Address by shape:S:N, shapeid:S:ID, or ph:S:KIND (a non-shape anchor like notes:S is exit 2).

pptlive shape move   --anchor-id shape:4:3 --left 100 --top 140
pptlive shape resize --anchor-id shape:4:3 --width 300 --height 200
pptlive shape delete --anchor-id shape:4:3
pptlive shape order  --anchor-id shape:4:3 --to back    # front | back | forward | backward

move and resize echo the new geometry; each needs at least one coordinate/dimension. order restacks the shape and echoes its new 1-based index--to back tucks a freshly added background panel behind the existing content (otherwise it lands on top). Note that delete/restack shift the shape:S:N indices of the shapes they pass; re-read after, or address by shapeid:S:ID (below).

shape fill

Set a shape's fill and/or border (the spatial equivalent of format-text, which is font color). --fill/--line take a #RRGGBB hex or none; --line-width is points. --fill-transparency/--line-transparency are a 0..1 alpha (0 opaque, 1 fully transparent) — the partial-alpha knob, distinct from none (which hides it entirely). Pass at least one. Echoes the shape's updated fill/line (each now carrying transparency).
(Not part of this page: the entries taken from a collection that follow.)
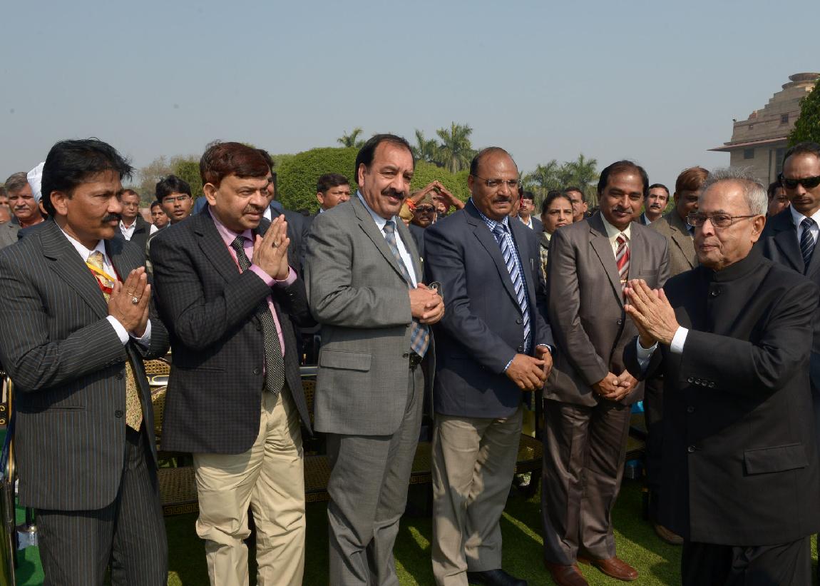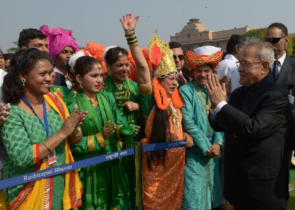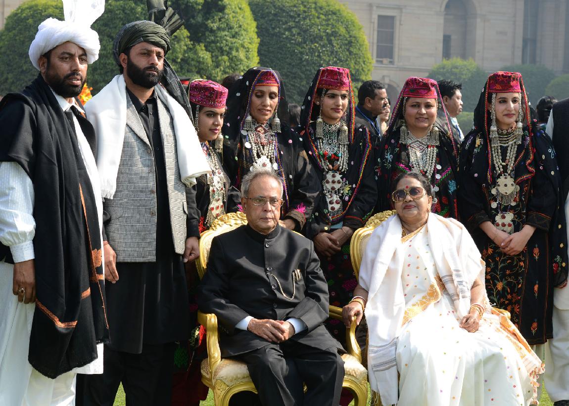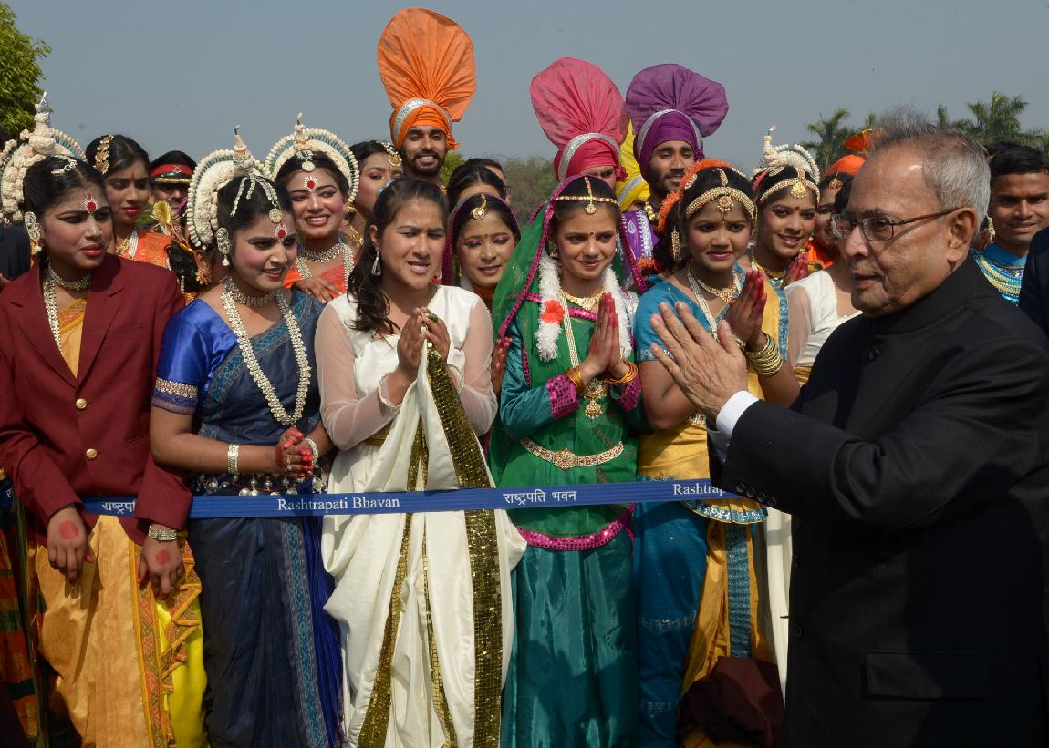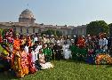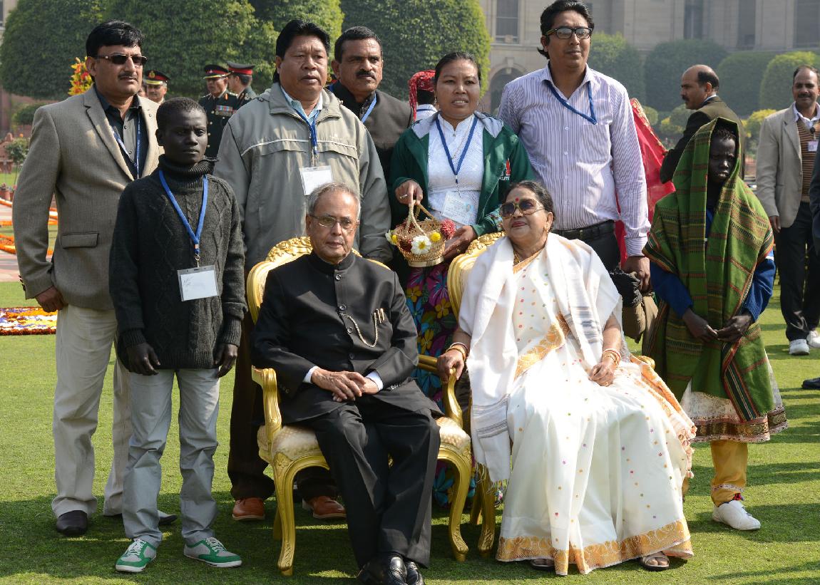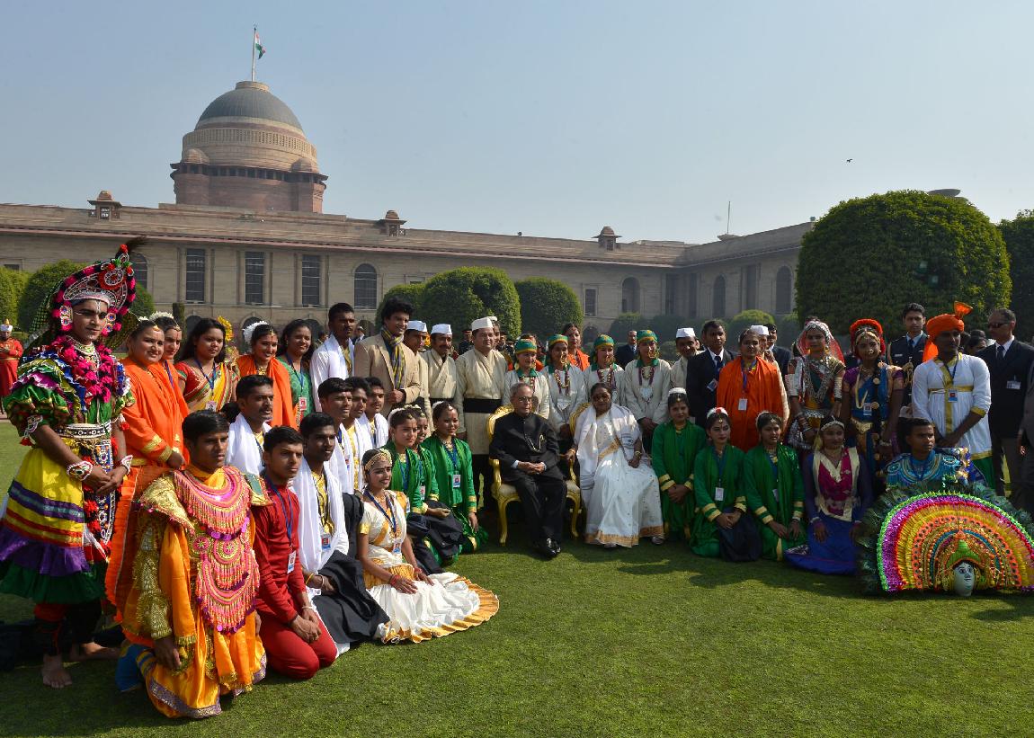 | Caption: | The President of India, Shri Pranab Mukherjee interacting with the Tribal Guests, Tableaux Artistes, Tractor Drivers, NSS Volunteers and NCC Cadets and Officials (Participants of the Republic Day Parade) at Mughal Gardens of Rashtrapati Bhavan in New Delhi on Jan 27, 2014 |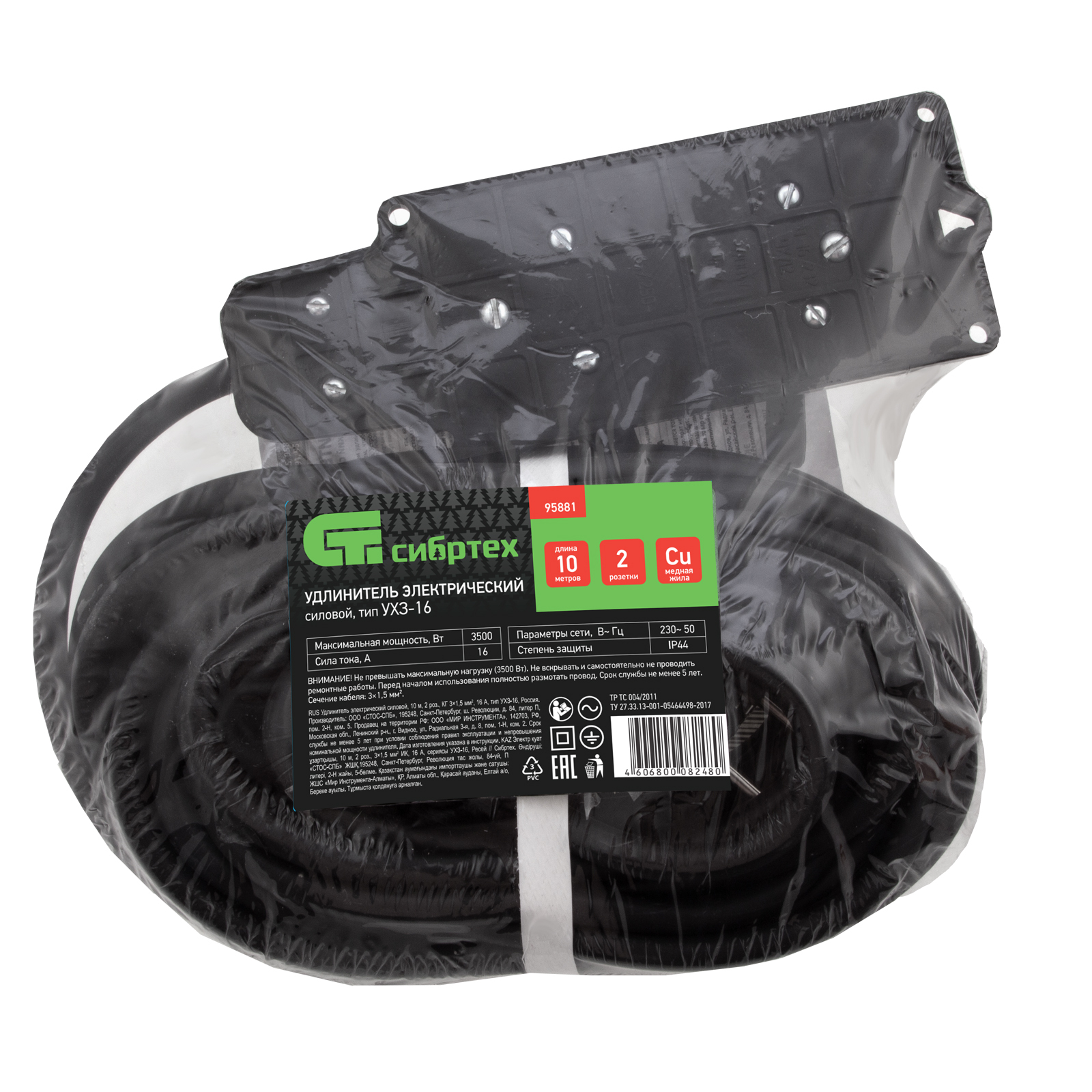 Удлинитель силовой 10 м, 16А, тип УХз16, КГ 3 x 1.5 мм, 2 розетки, Сибртех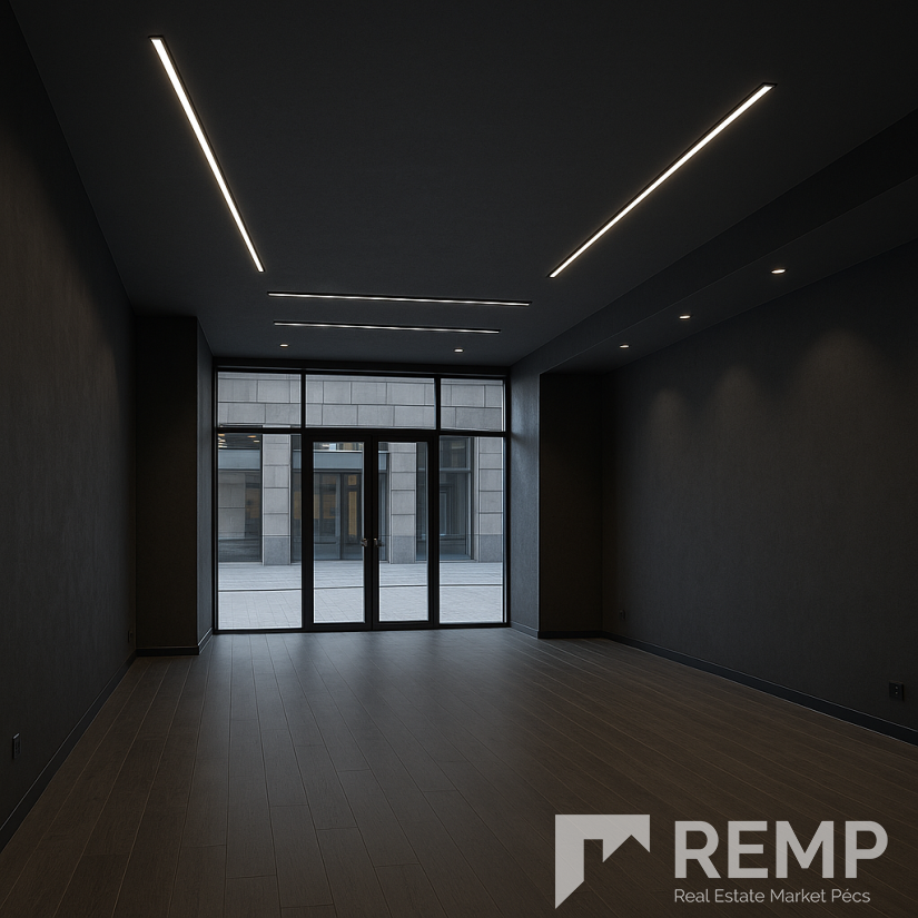 44 m²-es, belvárosi üzlethelyiség eladó – teljes üvegportállal és modern gépészettel

pptlive shape fill --anchor-id shape:4:3 --fill "#1E74B5" --line none
pptlive shape fill --anchor-id shapeid:4:9 --line "#333333" --line-width 1.5
pptlive shape fill --anchor-id shape:4:3 --fill "#1E74B5" --fill-transparency 0.4

shape gradient-fill / picture-fill / pattern-fill

The non-solid fills (the fill read reports a type of gradient/picture/ patterned and, for a gradient, the stops). Gradients take --colors (one = one-color with --degree brightness, two = two-color, three+ = multi-stop with --positions placing the interior stops) or a named --preset; --style sets the sweep. Pattern fills take a --pattern name plus --fore/--back.

pptlive shape gradient-fill --anchor-id shape:4:3 --colors "#1a73e8,#ffffff" --style vertical
pptlive shape gradient-fill --anchor-id shape:4:3 --colors "#f00,#0f0,#00f" --positions "0,0.4,1"
pptlive shape gradient-fill --anchor-id shape:4:3 --preset ocean
pptlive shape picture-fill  --anchor-id shape:4:3 --path background.png
pptlive shape pattern-fill  --anchor-id shape:4:3 --pattern percent_50 --fore "#1E74B5" --back "#fff"

shape effect

Set a shape's shadow / glow / soft-edge / reflection (the read reports an effects field with the active ones). --shadow/--glow take a JSON object; --soft-edge/--reflection take an int preset. Pass none to any flag to turn that effect off.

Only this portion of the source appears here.